Getting fitter – on the high street?

by ANTONY CLAY

THE findings of a new survey suggest that you don’t need to pound the pavements in a tracksuit or work hard in the local gym to get fitter.
Shopping is the new way of keeping in trim in the minds of many people, it seems.

Over half of Rotherham residents consider going out and buying stuff a form of exercise, the survey suggests.

The survey of 2,750 Brits by online shopping website Kerchingandwin.co.uk also found that:

  • Over half of Rotherham residents would not walk 20 minutes to buy something;
  • Nearly one in five people would be put off walking somewhere if it was raining;
  • More than one in ten people would rather take the lift than walk up one flight of stairs;
  • A third of people in the UK avoid doing exercise altogether;
  • Two thirds of people say they are too busy to do enough exercise;
  • More than two in five people say online shopping has freed up more time for other things.

In a time when obesity is said to be at epidemic proportions — it is due to double by 2035 — the survey suggests that people are perhaps being a tad lazy when it comes to exercising.

Nearly half – 46 per cent – said that they considered shopping to be part of their exercise routine. The figure in Rotherham is 52 per cent.

When broken down by gender, it was found that women are more likely to treat a shopping spree for their season’s new wardrobe as part of their exercise routine than men – 51 per cent compared to 39 per cent.

Kerchingandwin.co.uk asked people how far they would be prepared to walk to buy something and nearly half – 48 per cent – said they wouldn’t be prepared to walk for just 20 minutes.

When broken down across the UK, it appears Londoners are the laziest, where 55 per cent said they would not walk a mile – though West Midlanders weren’t that fussed either with 54 per cent preferring to jump in a car rather than take a brisk stroll.

For Londoners, it could be that the city’s excellent public transport infrastructure makes getting around by road or rail a better option than on foot.

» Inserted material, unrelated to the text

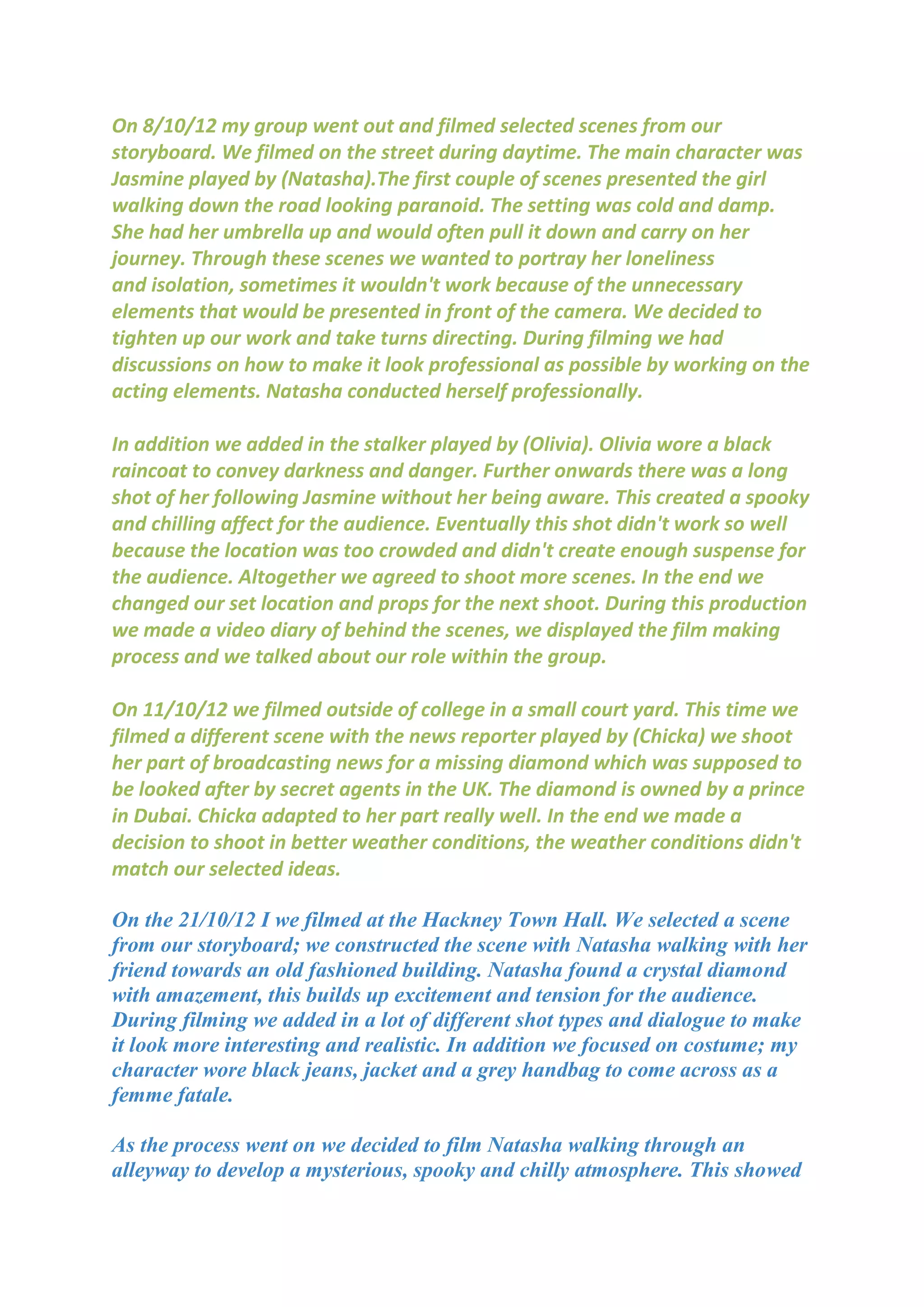 The document describes a film production group's process of filming scenes over multiple dates to tell the story of a woman named Natasha. On the first filming date, they shot scenes of Natasha walking alone looking paranoid, and added a character named Olivia to portray a stalker following her. Subsequent filming dates focused on different scenes with other characters at various outdoor locations. The group worked to improve their filming techniques, use of equipment, and ability to convey mood and tension through shots, lighting, costumes and other cinematic techniques. They reflected on ways to strengthen the character development and plot structure to engage the audience. Images from the production are also included.

More than half – 51 per cent – of those in Rotherham said that they would not walk a mile to buy something with men (47 per cent) less willing than women (49 per cent) to walk to buy something.

The survey also revealed that nearly one fifth of us would be put off walking anywhere if it was raining.

The survey also found that one in ten, when presented with the choice, would rather take the lift than walk up just one flight of stairs.

Craig Larkin, of Kerchingandwin.co.uk, said: “It’s interesting to read that whilst many Brits consider shopping part of their exercise regime, many wouldn’t willingly walk for just 20 minutes to get there.

“The growth of online shopping has freed up more time for Brits to do other activities, such as going to the gym.”